Les arts de la reconnaissance : stratégies et tactiques de l'intelligence entre identification et interactivité

 

Aleksandra Kaminska

Université de Montréal

 

Domaine : médias, communications et information

Programme à la recherche pour la relève professorale

 Concours 2018-2019

Ce projet examine de quelles manières les secteurs créatifs et technologiques tous deux participent au développement de technologies de reconnaissance, et étudie dans quelle mesure leurs activités présupposent et produisent différentes visions de « l'intelligence ». Ancrée dans les études médiatiques et s'appuyant sur des approches théoriques en arts médiatiques, en études sur les infrastructures, et en études sur l'innovation « STEAM », cette recherche aborde la reconnaissance—comme concept, technologie, et pratique— en tant qu'elle émerge de la rencontre de logiques et de techniques issues de domaines variés. Cette recherche repose sur une exploration théorique et historique du concept de reconnaissance à la fois dans sa portée politique—comme ce moment de visibilité dans lequel les individus peuvent être vus et entendus dans le monde—et technologique—en tant que processus et pratique de médiation qui permettent la lisibilité, la communication, et l'échange. Pour comprendre les pratiques stratégiques et tactiques liées à ces technologies dans différents domaines, le projet analyse des moments spécifiques au sein des secteurs créatifs et technologiques où les activités de reconnaissance se croisent et se chevauchent, que ce soit sous la forme de collaboration, d'appropriation, ou même de détournement.

Ce projet s'intéresse particulièrement à la manière dont les artistes dans le domaine des arts médiatiques contemporains participent à l'écosystème de l'innovation et contribuent aux négociations sur les utilisations, les protocoles, et les fonctionnalités de ces technologies.

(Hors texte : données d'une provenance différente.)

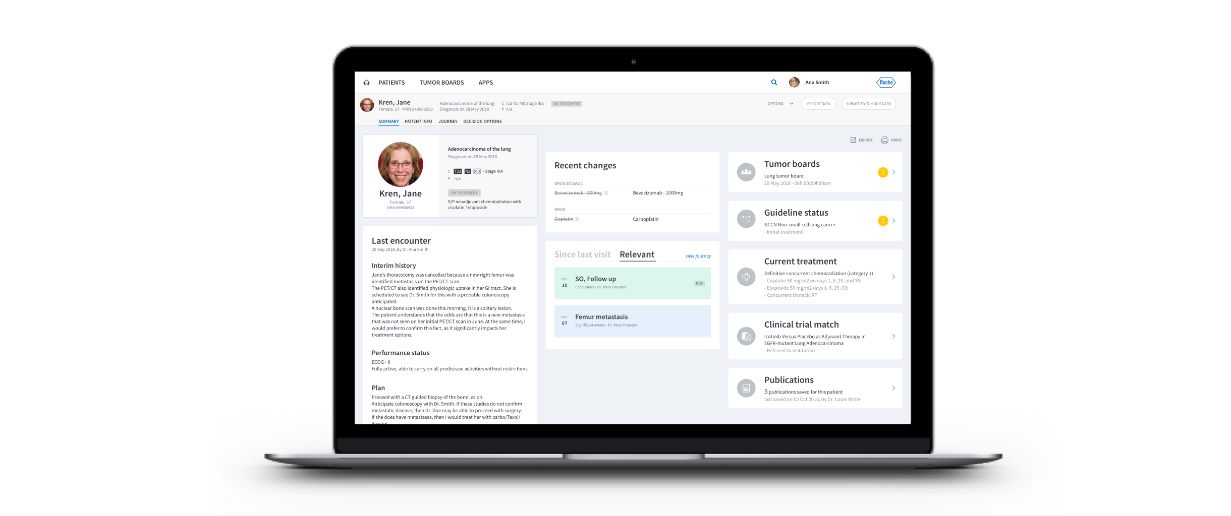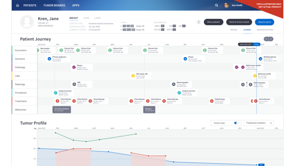 Oncology decision-making spans diagnosis, staging, treatment planning, monitoring, and collaboration across care teams. Yet these workflows are distributed across disconnected systems: EMRs, tumor boards, guideline databases, and clinical trial platforms. Clinicians must manually aggregate data before making high-stakes treatment decisions. The gap was workflow coherence.

Le projet propose d'étudier les technologies de reconnaissance de façon holistique en considérant les logiciels (par ex. de reconnaissance faciale), le matériel électronique (par ex. la technologie RFID) et les matériaux intelligents (par ex. les revêtements réactifs) comme autant d'entités qui mettent en forme les pratiques de reconnaissance mécanisées. Utilisant les œuvres artistiques comme études de cas ainsi que des entretiens approfondis avec des artistes, des techniciens, et des experts des technologies, cette recherche examine la nature transdisciplinaire des technologies et pratiques de reconnaissance. Ce faisant, le projet suggère que la reconnaissance s'articule constamment en tension entre les idéaux d'interactivité et les exigences d'identification. Ce cadrage conceptuel permet de suivre la reconnaissance entre une perspective de validation et une perspective de surveillance, et met à profit la transition d'une lisibilité humaine à une lisibilité mécanique afin de tracer l'évolution des significations techniques et culturelles de la reconnaissance.

Enfin, en situant ces technologies émergentes comme des machines qui « reconnaissent » (et donc « discernent », « examinent », et « savent ») les corps et les identités, le projet envisage la reconnaissance comme une activité essentielle pour les infrastructures et les systèmes dits « intelligents ». Ainsi, il propose de comprendre la « réalité et l'imaginaire » de l'intelligence à travers le « paradoxe de la reconnaissance ». Télescopant l'art et la technologie au sein de l'étude, cette recherche articule la reconnaissance comme un projet politique, un processus de médiation, et un élément central dans les réalités et les imaginaires des infrastructures de connexion intelligentes entre humains et machines.